Problem to solve: Please repeat exactly the lines below from the line with "средств ИнструкцияКоробка |" to the line with "可见,大杂蟹凭借它的鲜嫩多汁", including both, and leave out every picture.

Segment Open

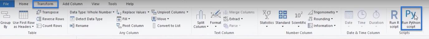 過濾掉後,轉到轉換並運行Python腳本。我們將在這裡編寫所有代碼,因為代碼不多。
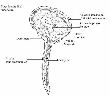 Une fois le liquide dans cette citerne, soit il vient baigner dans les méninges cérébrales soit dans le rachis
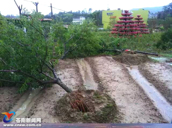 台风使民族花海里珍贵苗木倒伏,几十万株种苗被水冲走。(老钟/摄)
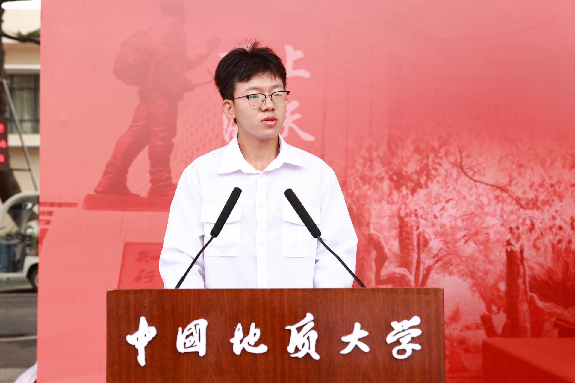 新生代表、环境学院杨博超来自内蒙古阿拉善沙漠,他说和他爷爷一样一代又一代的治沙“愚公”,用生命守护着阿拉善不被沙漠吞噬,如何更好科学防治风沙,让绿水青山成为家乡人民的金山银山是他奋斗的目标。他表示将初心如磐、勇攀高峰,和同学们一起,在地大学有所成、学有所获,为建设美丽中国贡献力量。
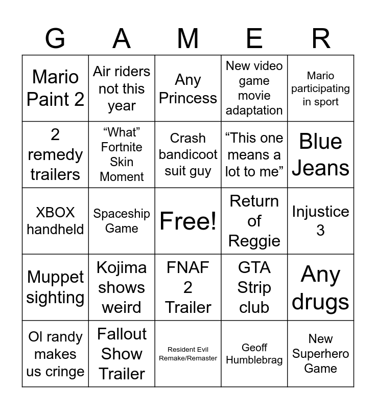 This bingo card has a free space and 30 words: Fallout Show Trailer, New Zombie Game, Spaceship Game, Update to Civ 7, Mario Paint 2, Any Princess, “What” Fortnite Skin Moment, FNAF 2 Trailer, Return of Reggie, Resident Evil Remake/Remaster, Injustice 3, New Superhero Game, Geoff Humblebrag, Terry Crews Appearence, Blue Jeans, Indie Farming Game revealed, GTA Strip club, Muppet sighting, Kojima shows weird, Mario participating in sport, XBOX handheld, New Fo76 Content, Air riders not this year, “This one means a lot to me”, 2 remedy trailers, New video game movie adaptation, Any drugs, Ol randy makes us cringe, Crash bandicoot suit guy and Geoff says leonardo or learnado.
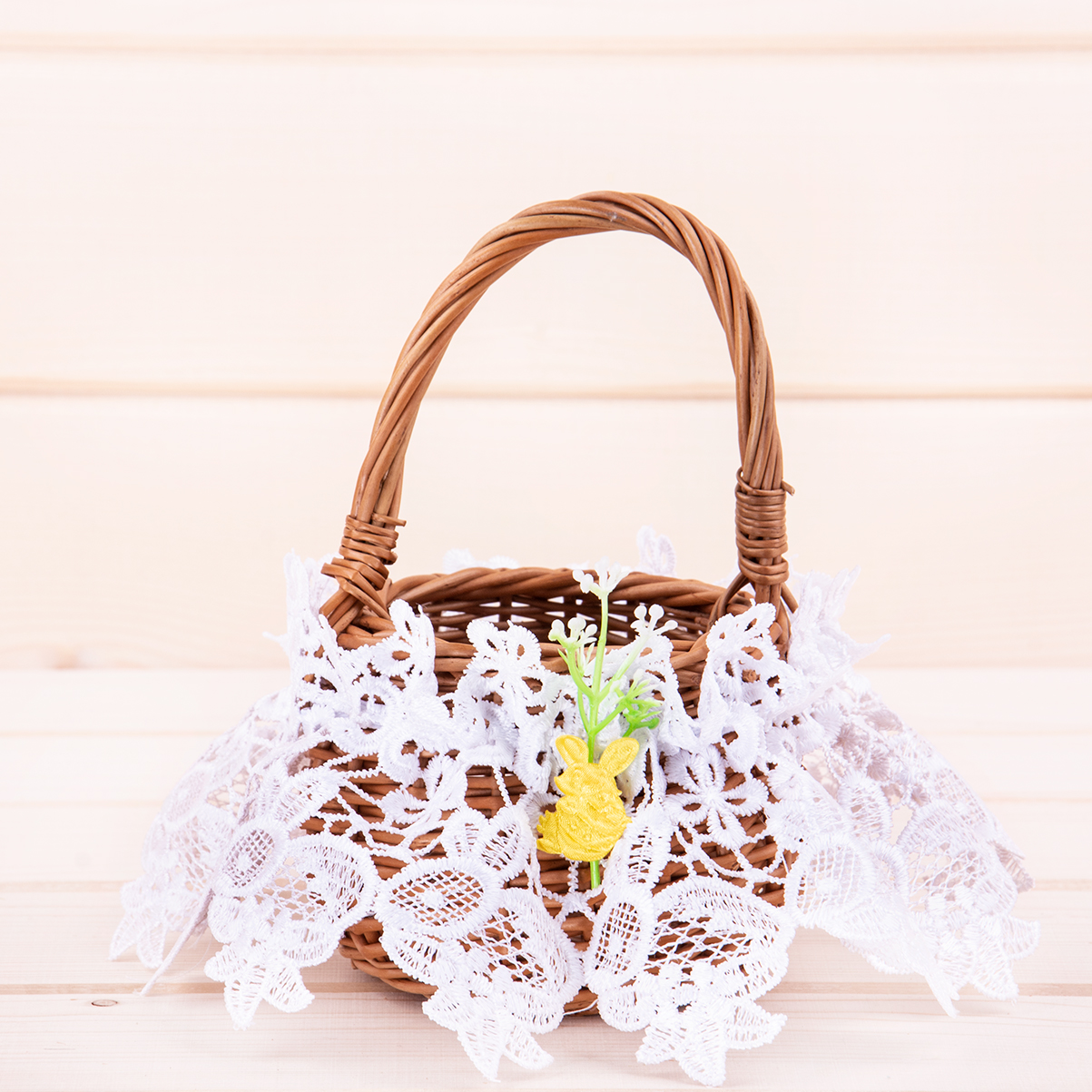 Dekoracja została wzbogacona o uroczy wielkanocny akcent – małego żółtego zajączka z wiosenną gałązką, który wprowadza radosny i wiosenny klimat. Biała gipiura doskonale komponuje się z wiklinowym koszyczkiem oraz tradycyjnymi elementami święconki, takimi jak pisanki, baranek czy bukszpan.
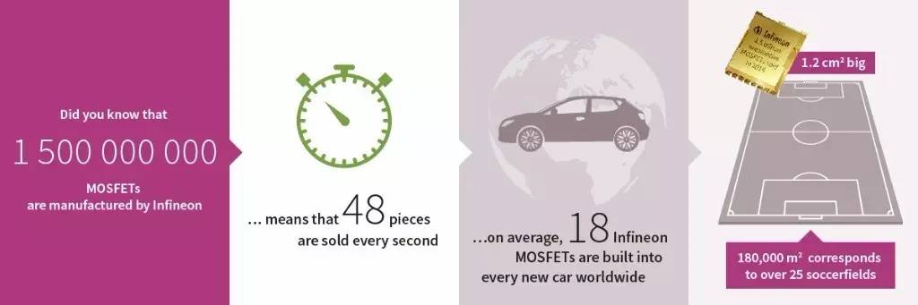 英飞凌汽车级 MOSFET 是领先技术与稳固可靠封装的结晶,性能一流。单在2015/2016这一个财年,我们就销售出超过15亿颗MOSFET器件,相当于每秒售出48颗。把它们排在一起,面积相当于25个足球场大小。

Segment Closed
Segment Open

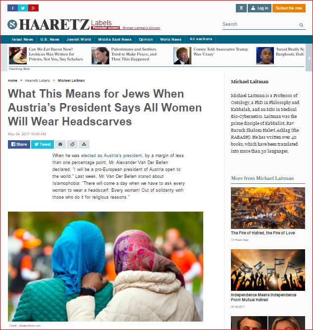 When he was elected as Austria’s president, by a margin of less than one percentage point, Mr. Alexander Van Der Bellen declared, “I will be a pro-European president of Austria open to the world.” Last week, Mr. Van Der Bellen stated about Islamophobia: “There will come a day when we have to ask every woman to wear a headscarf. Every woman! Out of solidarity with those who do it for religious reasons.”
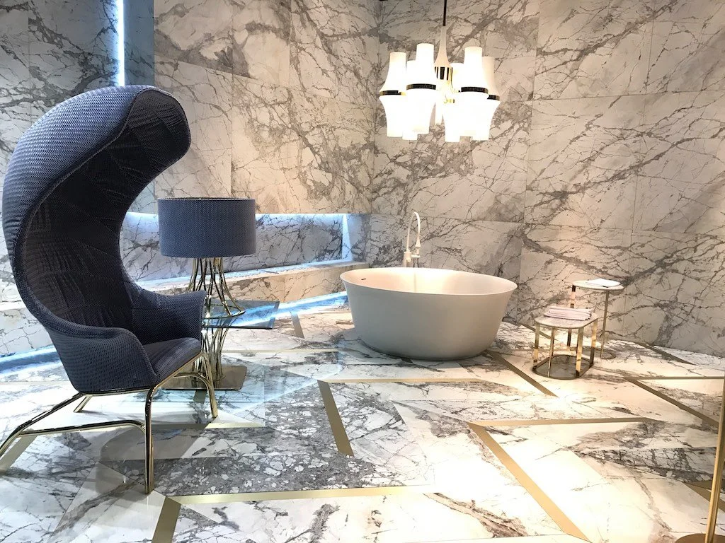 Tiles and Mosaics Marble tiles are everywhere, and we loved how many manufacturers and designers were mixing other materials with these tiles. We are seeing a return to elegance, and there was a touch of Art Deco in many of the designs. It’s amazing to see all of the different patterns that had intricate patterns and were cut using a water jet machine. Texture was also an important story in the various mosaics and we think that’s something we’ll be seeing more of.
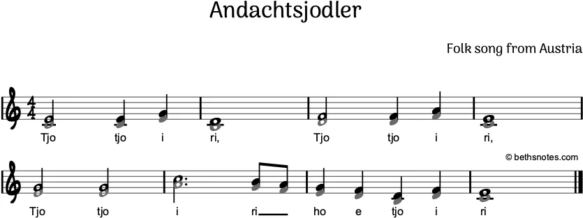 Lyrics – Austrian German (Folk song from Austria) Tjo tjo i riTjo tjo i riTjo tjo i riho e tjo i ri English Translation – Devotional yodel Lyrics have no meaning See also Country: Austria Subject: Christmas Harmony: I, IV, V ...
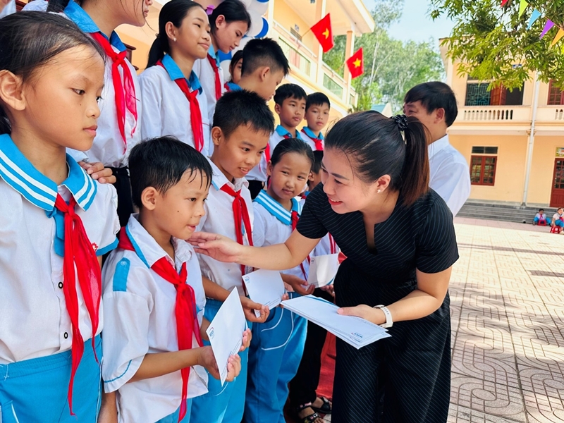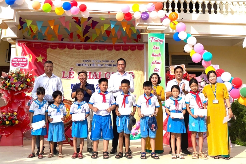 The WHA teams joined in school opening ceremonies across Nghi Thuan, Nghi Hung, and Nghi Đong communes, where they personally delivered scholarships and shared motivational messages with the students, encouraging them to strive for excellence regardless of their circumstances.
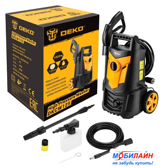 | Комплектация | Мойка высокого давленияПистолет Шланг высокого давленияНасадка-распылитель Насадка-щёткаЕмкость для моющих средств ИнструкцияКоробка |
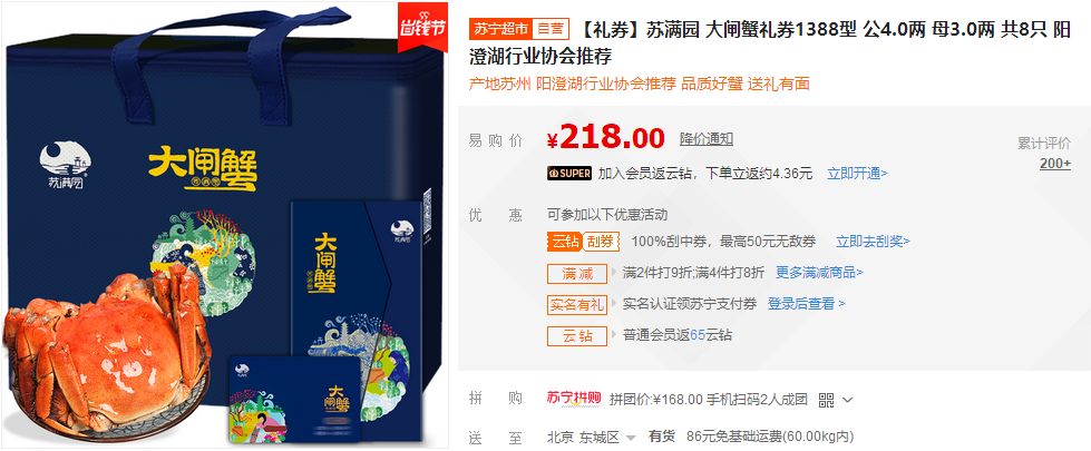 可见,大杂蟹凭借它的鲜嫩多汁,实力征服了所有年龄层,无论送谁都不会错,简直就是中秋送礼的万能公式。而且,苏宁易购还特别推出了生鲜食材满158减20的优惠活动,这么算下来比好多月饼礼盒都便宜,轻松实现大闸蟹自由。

Segment Closed

Task answer:
 | Комплектация | Мойка высокого давленияПистолет Шланг высокого давленияНасадка-распылитель Насадка-щёткаЕмкость для моющих средств ИнструкцияКоробка |
 可见,大杂蟹凭借它的鲜嫩多汁,实力征服了所有年龄层,无论送谁都不会错,简直就是中秋送礼的万能公式。而且,苏宁易购还特别推出了生鲜食材满158减20的优惠活动,这么算下来比好多月饼礼盒都便宜,轻松实现大闸蟹自由。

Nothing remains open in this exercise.